=== Required action ===
Your answer must be the lines from the one containing "Юбка тренировочная, длина" through the last line below, copied exactly, with no pictures.

=== Material provided ===
----

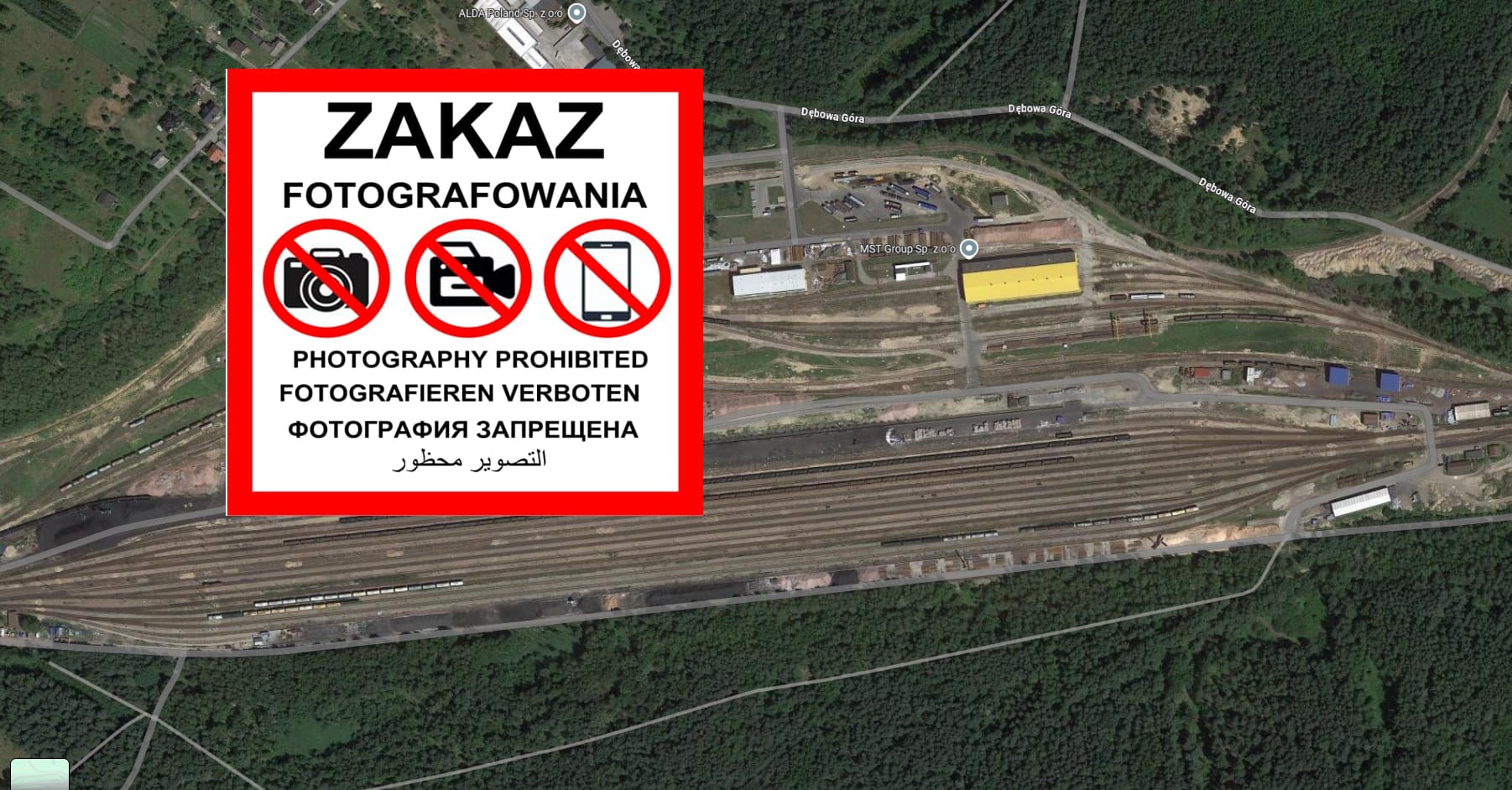 Zakaz fotografowania, filmowania oraz innego utrwalania obrazu i wizerunku dotyczy z ziemi i powietrza.
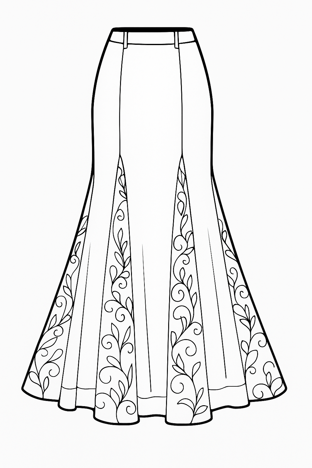 Юбка тренировочная, длина - по-щиколотку. Кокетка – двухслойная, на скрытой резинке. Полотнище юбки - солнце. Центральная часть переднего и заднего полотнища чуть длиннее, чем боковая.
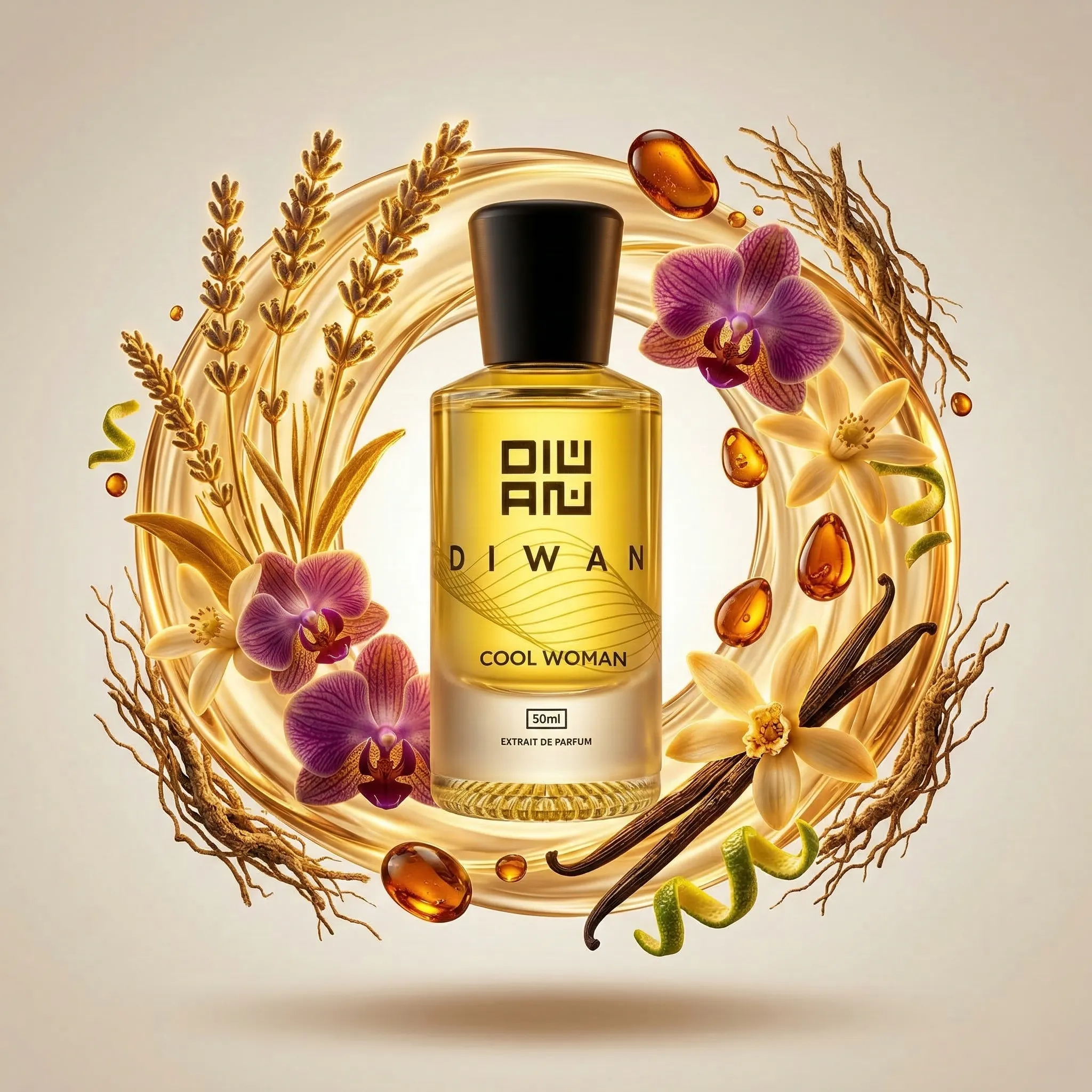 تفتتح الرائحة بمزيج متألق من اللافندر، اليوسفي والبرغموت، يتبعه قلب أنيق من الياسمين، زهر البرتقال والأوركيد، وتستقر القاعدة على عمق غني من فانيليا مدغشقر، التونكا والعنبر وخشب الأرز.

----

=== Result below ===
 Юбка тренировочная, длина - по-щиколотку. Кокетка – двухслойная, на скрытой резинке. Полотнище юбки - солнце. Центральная часть переднего и заднего полотнища чуть длиннее, чем боковая.
 تفتتح الرائحة بمزيج متألق من اللافندر، اليوسفي والبرغموت، يتبعه قلب أنيق من الياسمين، زهر البرتقال والأوركيد، وتستقر القاعدة على عمق غني من فانيليا مدغشقر، التونكا والعنبر وخشب الأرز.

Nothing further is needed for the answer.